Although students who have taken creative writing classes agree that raising the limit past 12 students per class would reduce the effectiveness of the workshop experience, many emphasize the importance of adding more opportunities for students of all levels.

Leslie proposed that the program offer a “true” introductory class with more students, perhaps doing the workshopping in smaller sections.

The main obstacle to this solution, for both students and administrators within the department, has been concerns about quality over quantity.

“Our students have a truly remarkable record of having their work published and produced, of landing spots in the world’s top graduate writing programs with outstanding funding, and of forging stellar careers in the world of letters,” Johnston wrote in an email, adding that the personal attention from world-class writers that the current program offers would be difficult to preserve with any major expansion.

The long-term solution—the hiring of more full-time faculty or lecturers—is partially out of the department’s hands, with higher ups in the Faculty of Arts and Sciences largely responsible for such confidential, large-scale solutions.

But recently, a more immediate and perhaps revolutionary change has been put on the table. At this Monday’s meeting of the department’s student advisory committee, students proposed the creation of a large, open-enrollment introductory class. The class would be taught in a lecture format, in order to accommodate more students who have a strong desire to take creative writing.

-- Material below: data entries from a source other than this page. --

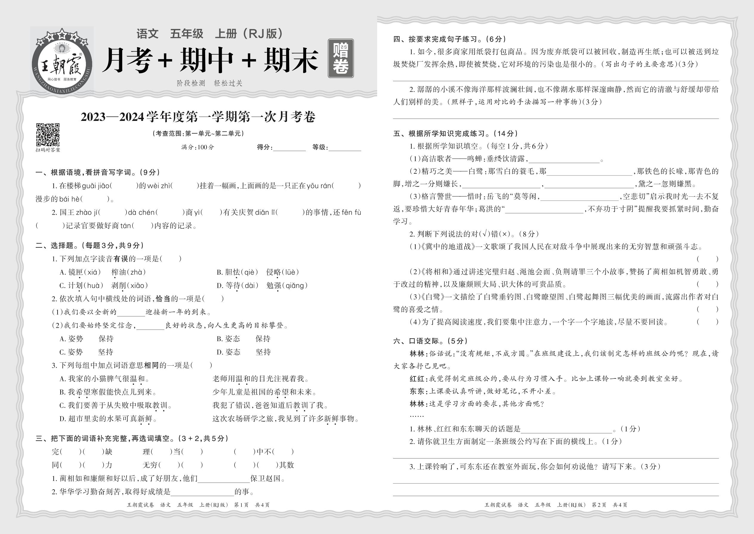 2023—2024学年度第一学期第一次月考卷五年级语文(人教版)
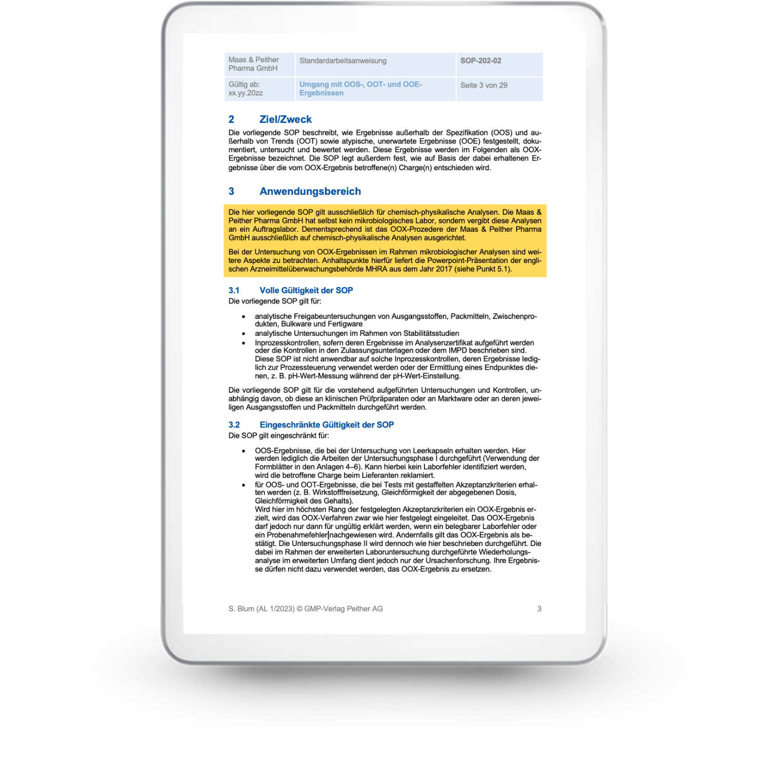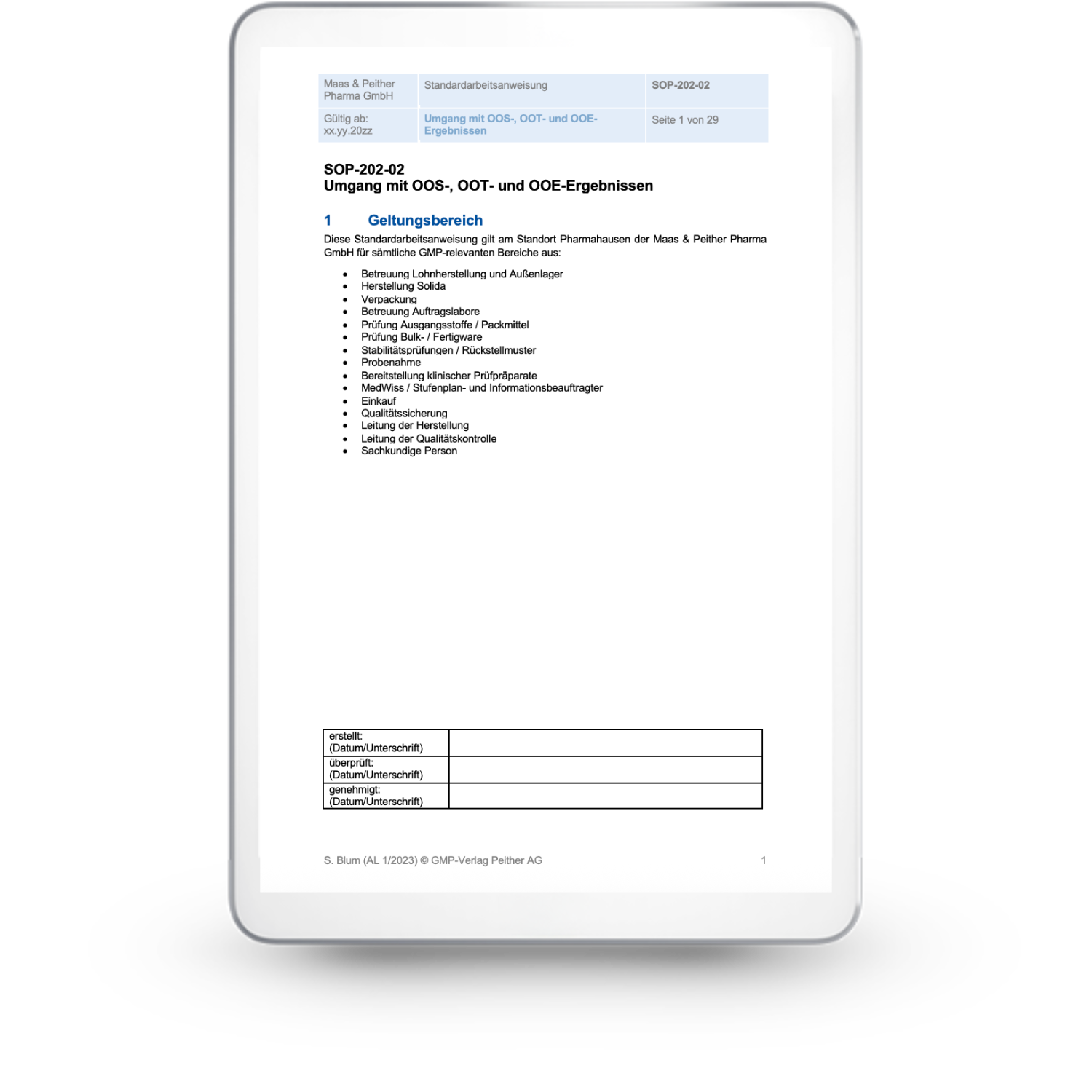 Bestandteil der SOP-Sammlung für die Pharmaindustrie
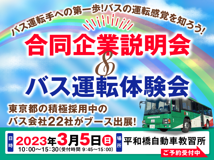 バス運転手専門の求人サイト『バスドライバーnavi(どらなび)』を運営するリッツMC株式会社(東京都港区、代表取締役社長・中嶋美恵)は、2023年3月5日(日)に平和橋自動車教習所と共同の企画運営にて、バス運転手未経験者歓迎の就職イベント『バス会社合同企業説明会&運転体験会in平和橋自動車教習所』を開催致します。
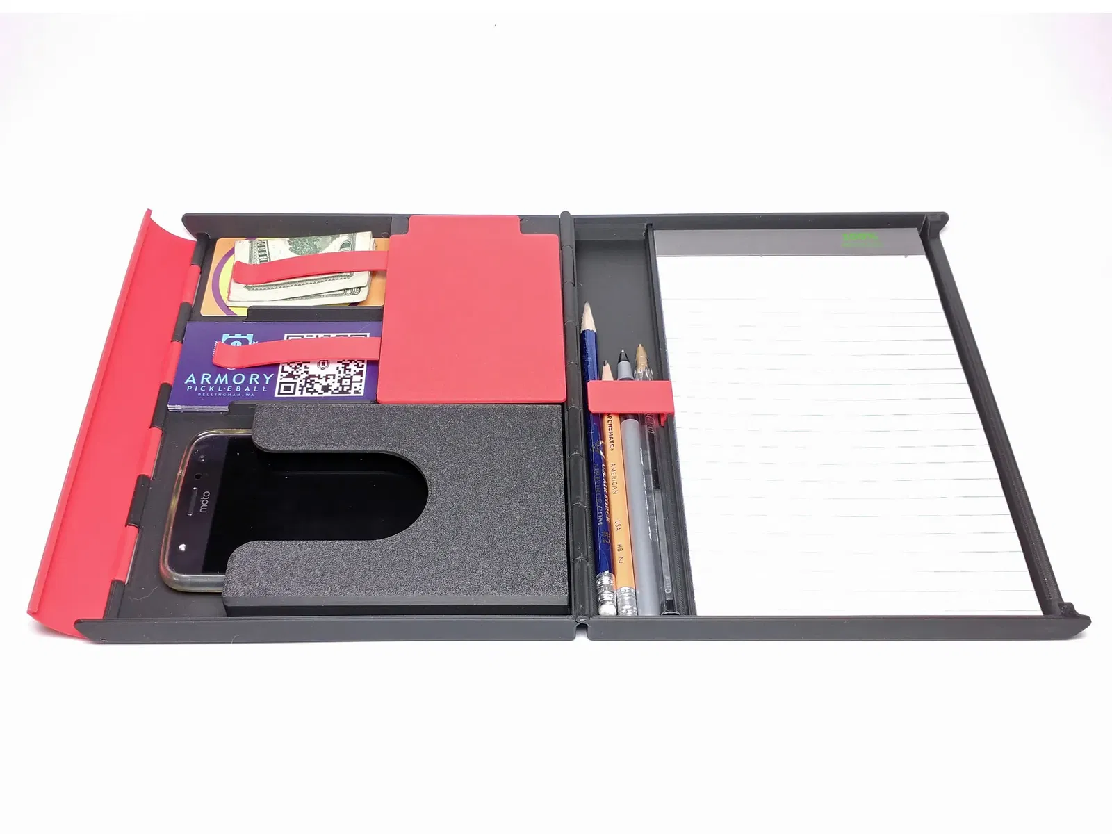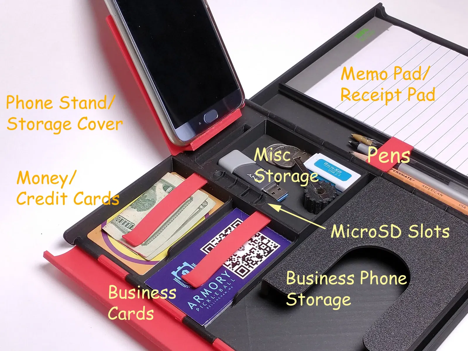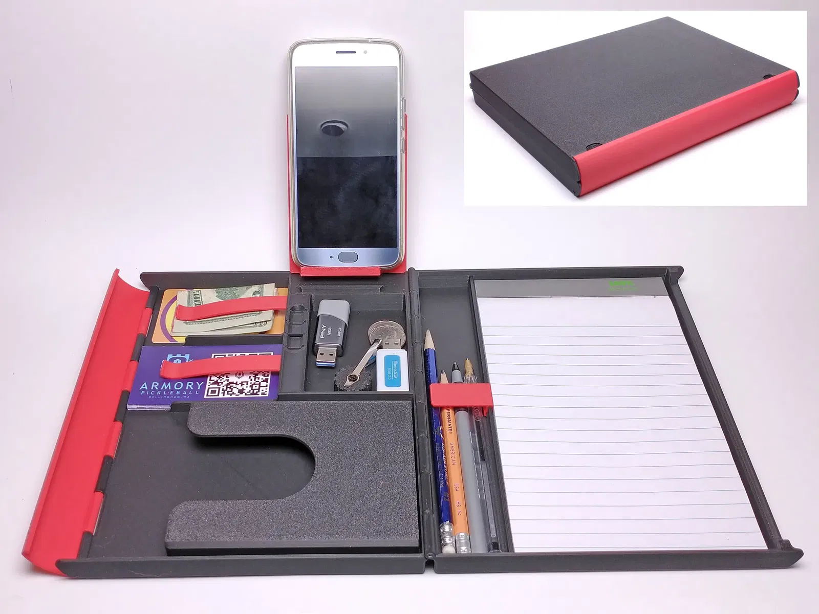 Để sử dụng, đóng lại bộ tổ chức và nhấn dọc theo chốt để gài đầu móc qua rãnh bên phải. Kéo mép của chốt ra để mở lại. Lưu ý rằng giá đỡ điện thoại hoạt động như một nắp cho thùng lưu trữ linh tinh khi đóng lại, nhưng có thể được kéo ra và nhét vào khe nghiêng khi sử dụng như một giá đỡ điện thoại.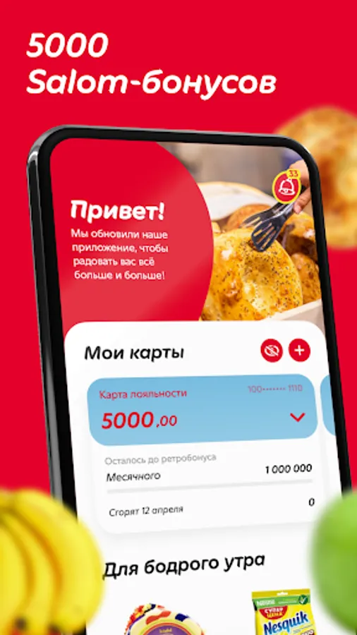 Register a new virtual loyalty card in the Korzinka mobile app and get 5000 salom-bonuses to your account! Bonuses are awarded automatically, immediately after the completion of full registration - start saving or spend them on cool purchases in Korzinka immediately.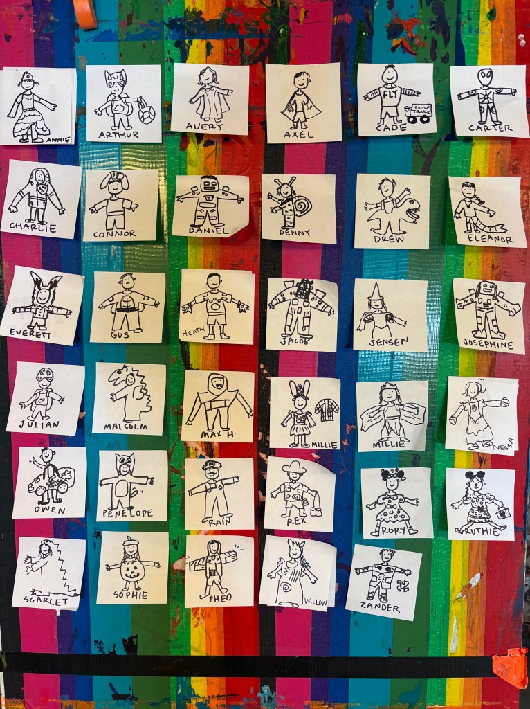 If you’ve been around this preschool for any number of years you may know that every year (since at least 2010 when I started this website!) I draw pictures of the children in their costumes…children don’t have to wear or even have their costume along for me to draw, I follow directions as best I can. These will stay up for us to enjoy and eventually go into their journals to keep forever.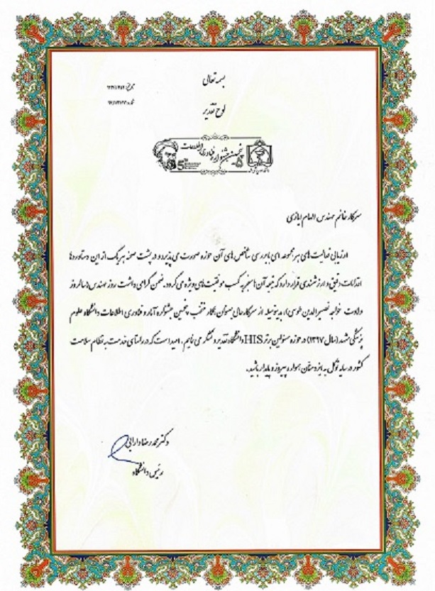 به مناسبت گرامیداشت روز مهندس (سالروز ولادت خواجه نصیر الدین طوسی) تقدیر از سرکار خانم الهام ایازی بعنوان همکار منتخب در حوزه مسئولین برتر HIS در پنجمین جشنواره فناوری اطلاعات دانشگاه سال 1397 |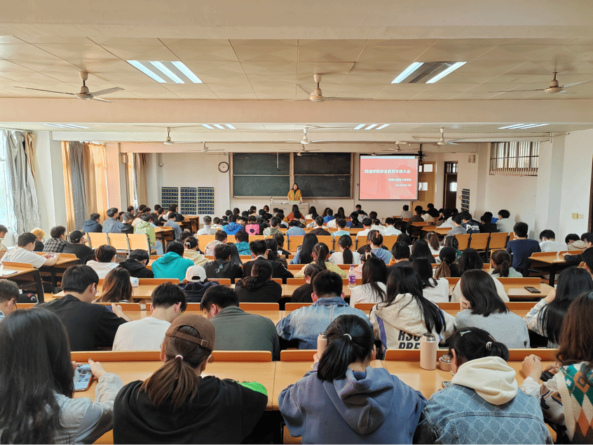 学工办主任郑灵敏老师以及大三年级全体学生参会,辅导员朱艳红老师主讲。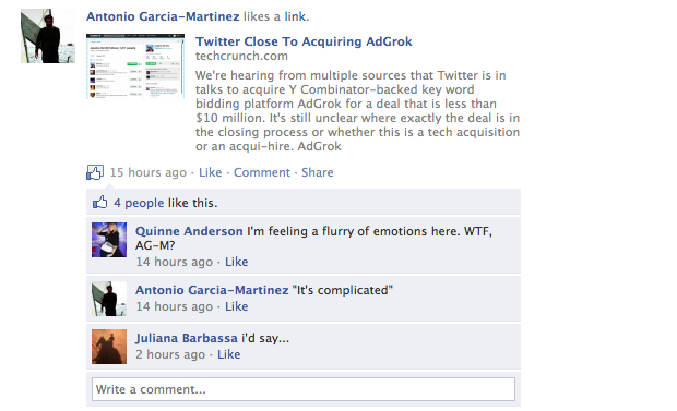 We’re hearing this split hasn’t exactly left both sides all warm and cuddly. The two other AdGrok founders, Matthew McEachen and Argyris Zymnis, will be joining Twitter. We’ve reached out to Twitter about the oddity and will update if we hear back. Garcia-Martinez posted our link yesterday to his own Facebook wall and when someone asked him what the deal was, he responded with “It’s complicated”. Well played.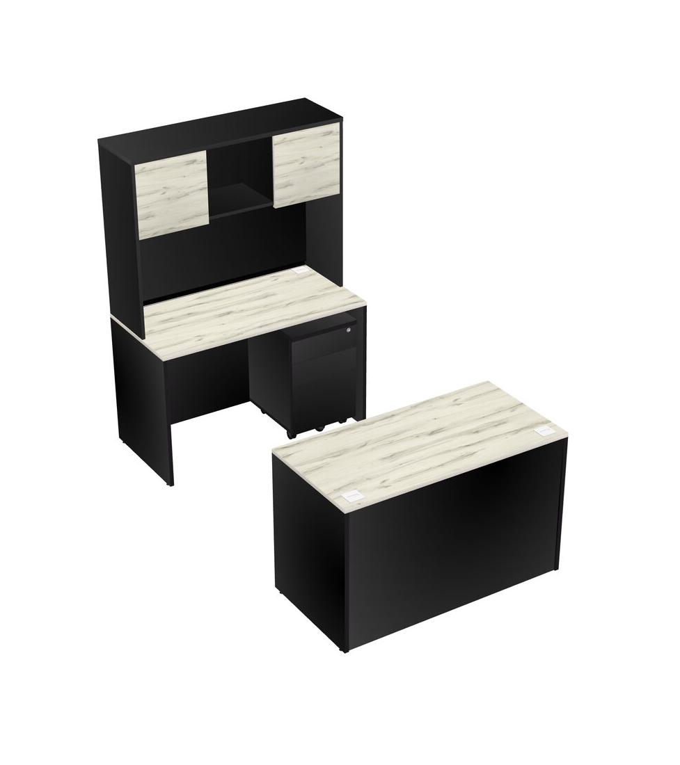Office Parallel Desk Credenza Desk + Wooden Mobile Drawers + Hutch

This proposal, which is now being discussed by the department, would be a solution to “part of the problem,” Leslie said. But more importantly, it would be the first step in a much called for expansion of an already high-quality program.

“Harvard likes to be number one, and in this area, it’s not,” Thomas says.

—Staff writer Gina K. Hackett can be reached at

This article has been revised to reflect the correction:


Due to an editing error, an earlier version of this article incorrectly stated that Samuel D. Cook-Stuntz ’10 did not take a creative writing course at Harvard. In fact, he took one creative writing class in his senior year.